START GIVEN INFORMATION

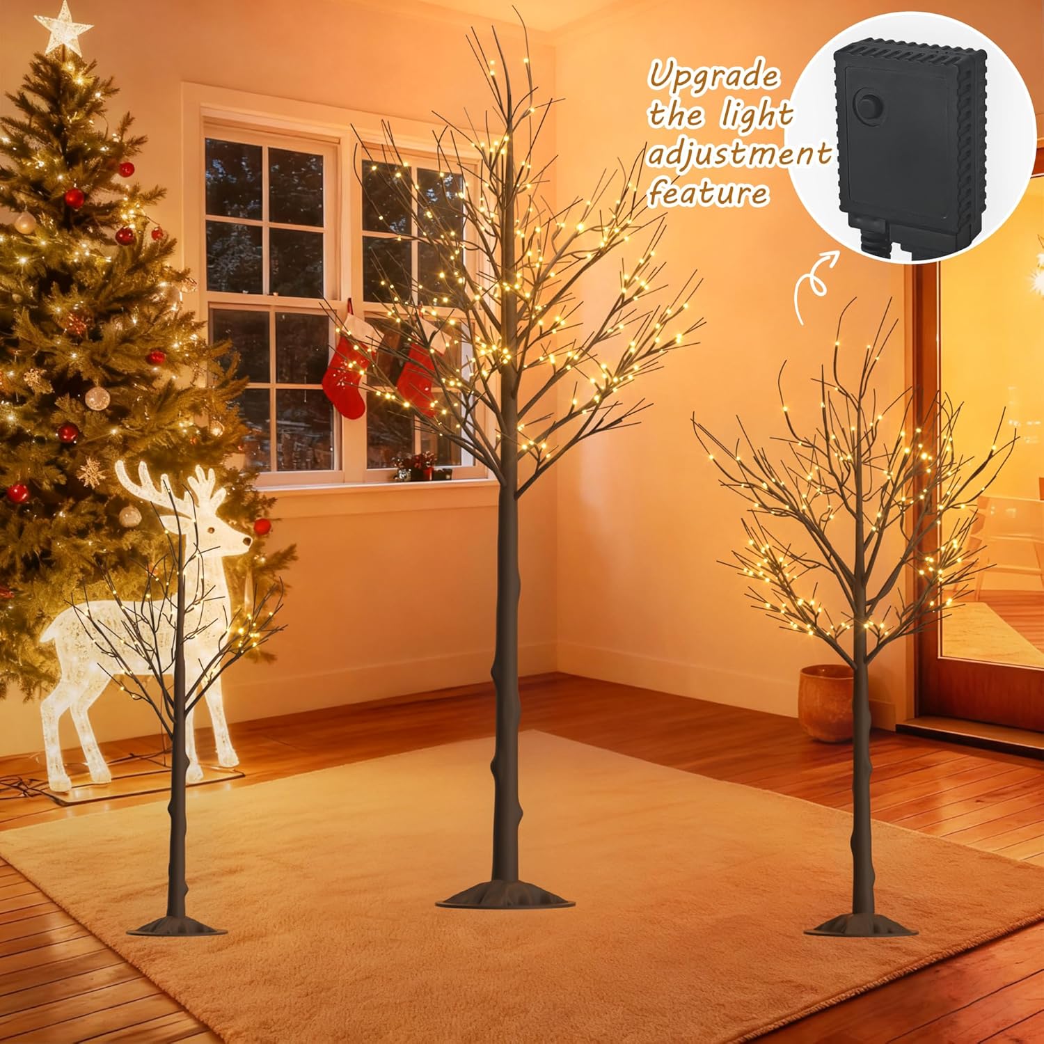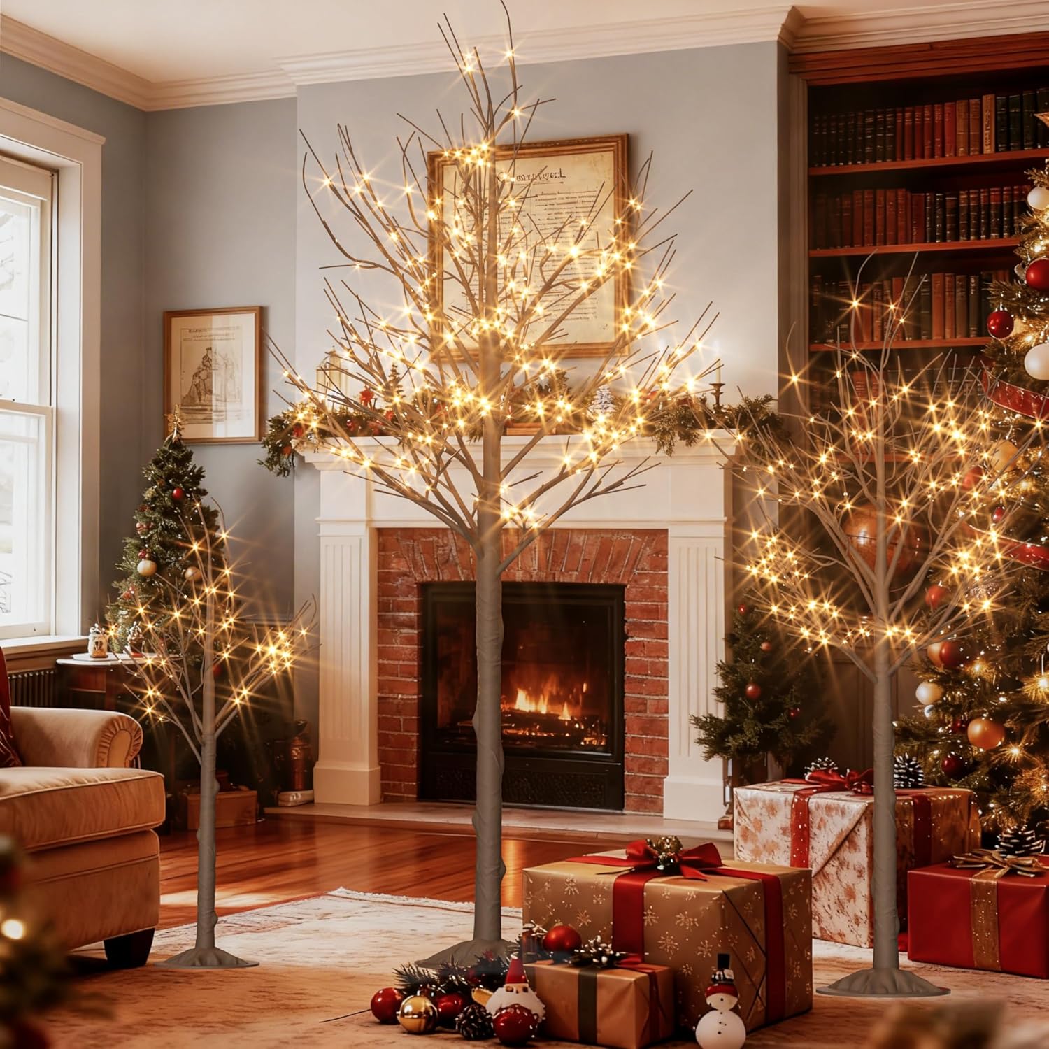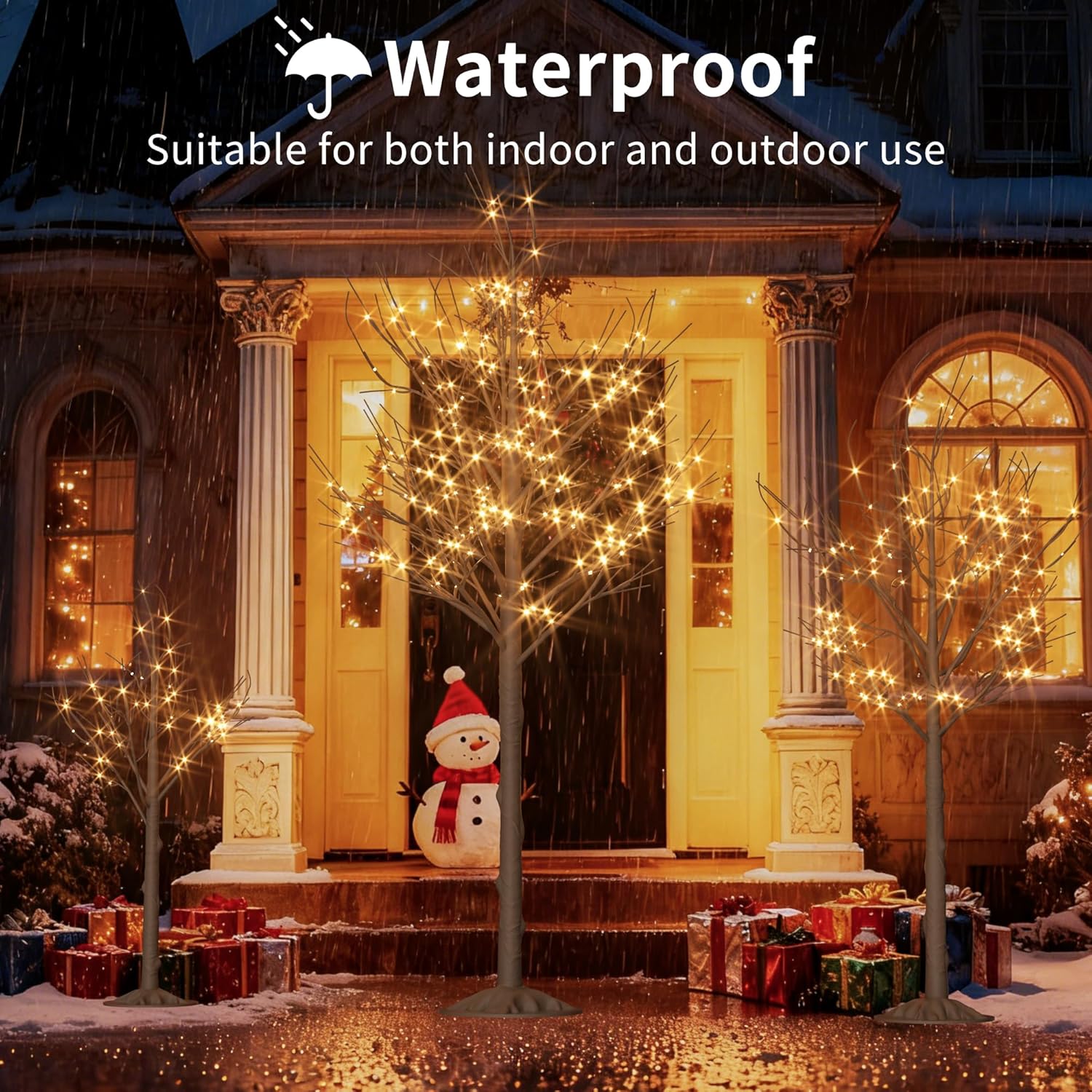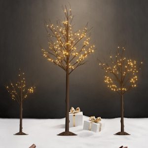 - Christmas Tree With Led Lights: This set of 3 outdoor trees includes lighted trees measuring 4, 6, and 8 feet tall. The life like birch tree design, complete with LED lights, adds charm and elegance to your outdoor decor, making it the perfect lighted Christmas tree display
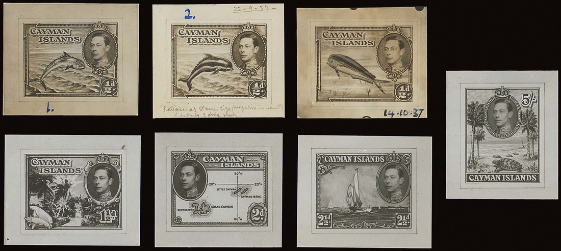 ½d. (3) of "leaping Dolphin", two in unissued design, 1½d. and 2d. unissued designs, 2½d. with different frame and 5/- (used for 10/-) photographic essays. Photo
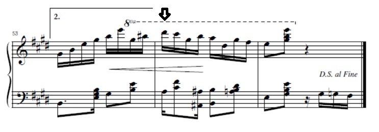 Na terceira parte do Odeon vemos outro típico exemplo do laço, exatamente no trecho em que a letra canta “esse chorinho que hoje em dia ninguém sabe mais” (indicado pela seta abaixo). (clique aqui para ouvir este trecho, na gravação de Nara Leão)
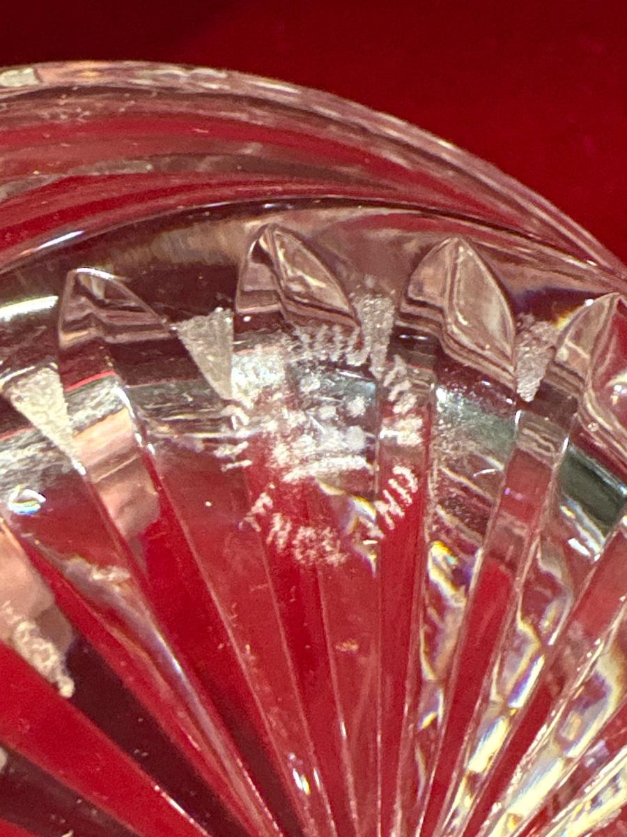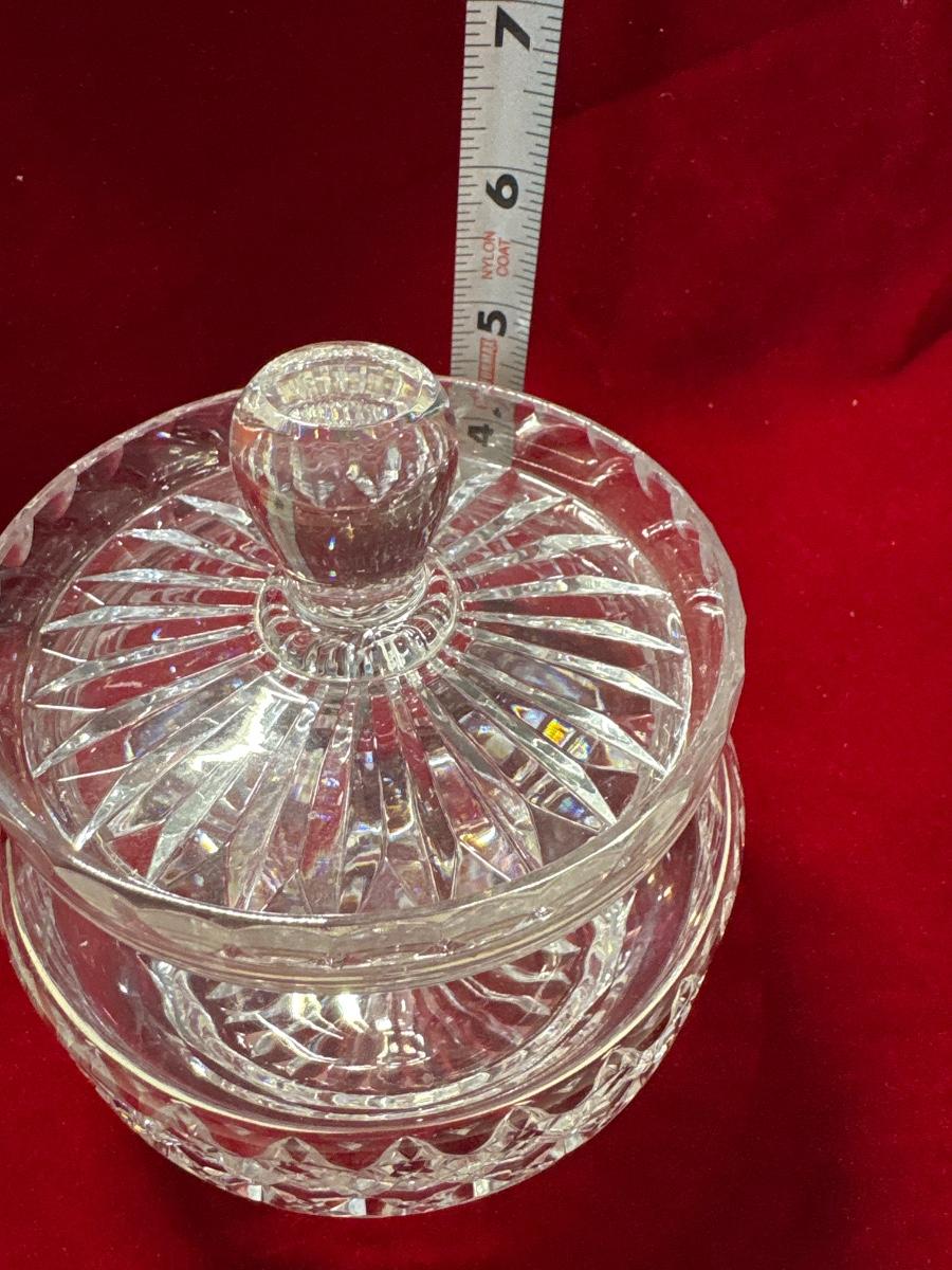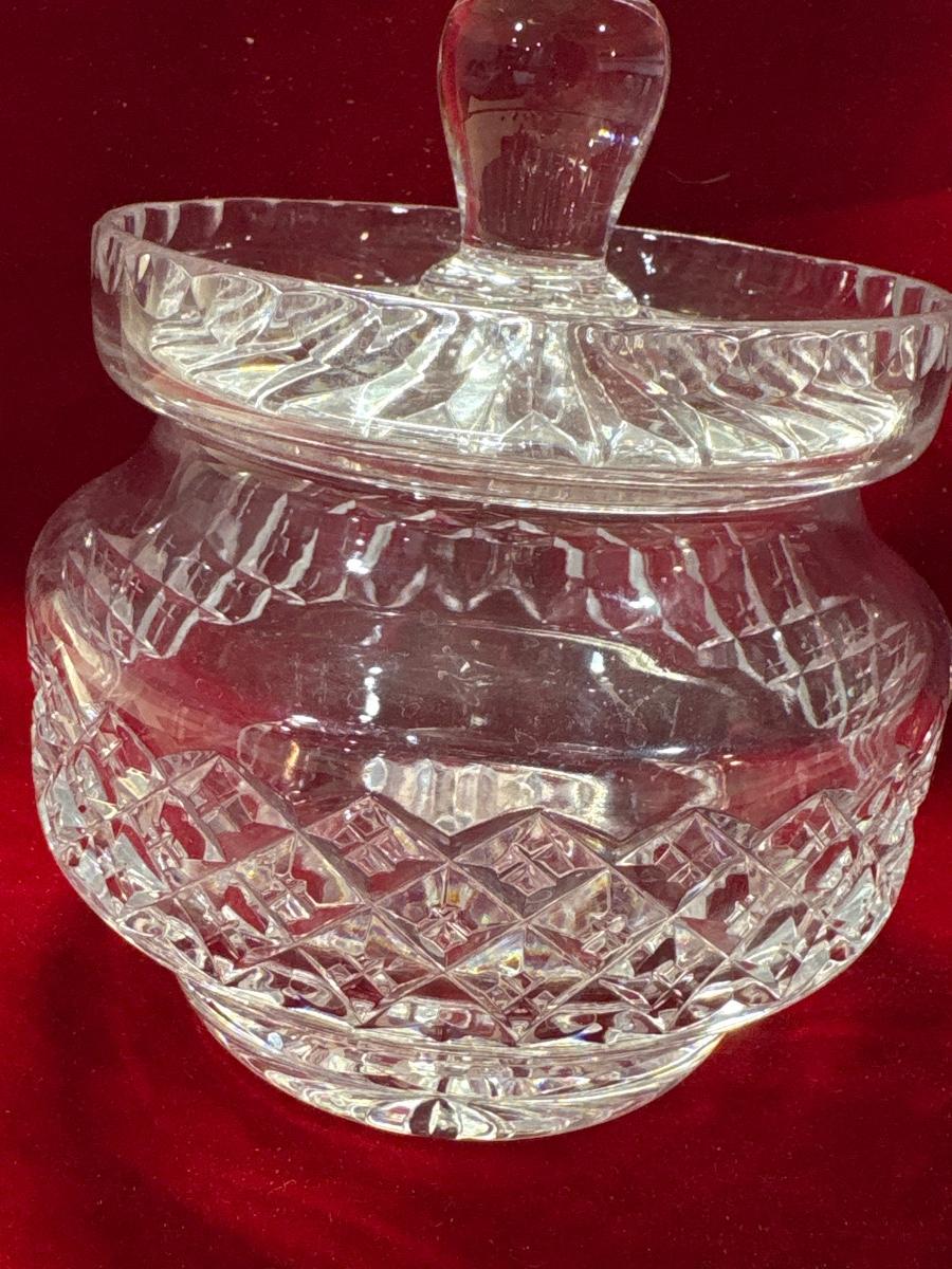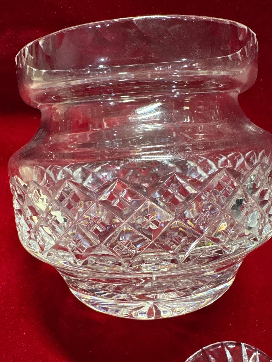 Signed lidded crystal biscuit barrel or jar. Intricate diamond cuts on base and linear cuts on lid.

END GIVEN INFORMATION

DIRECTIONS
Output an exact copy of the material, with the pictures removed.

TASK RESULT
 - Christmas Tree With Led Lights: This set of 3 outdoor trees includes lighted trees measuring 4, 6, and 8 feet tall. The life like birch tree design, complete with LED lights, adds charm and elegance to your outdoor decor, making it the perfect lighted Christmas tree display
 ½d. (3) of "leaping Dolphin", two in unissued design, 1½d. and 2d. unissued designs, 2½d. with different frame and 5/- (used for 10/-) photographic essays. Photo
 Na terceira parte do Odeon vemos outro típico exemplo do laço, exatamente no trecho em que a letra canta “esse chorinho que hoje em dia ninguém sabe mais” (indicado pela seta abaixo). (clique aqui para ouvir este trecho, na gravação de Nara Leão)
 Signed lidded crystal biscuit barrel or jar. Intricate diamond cuts on base and linear cuts on lid.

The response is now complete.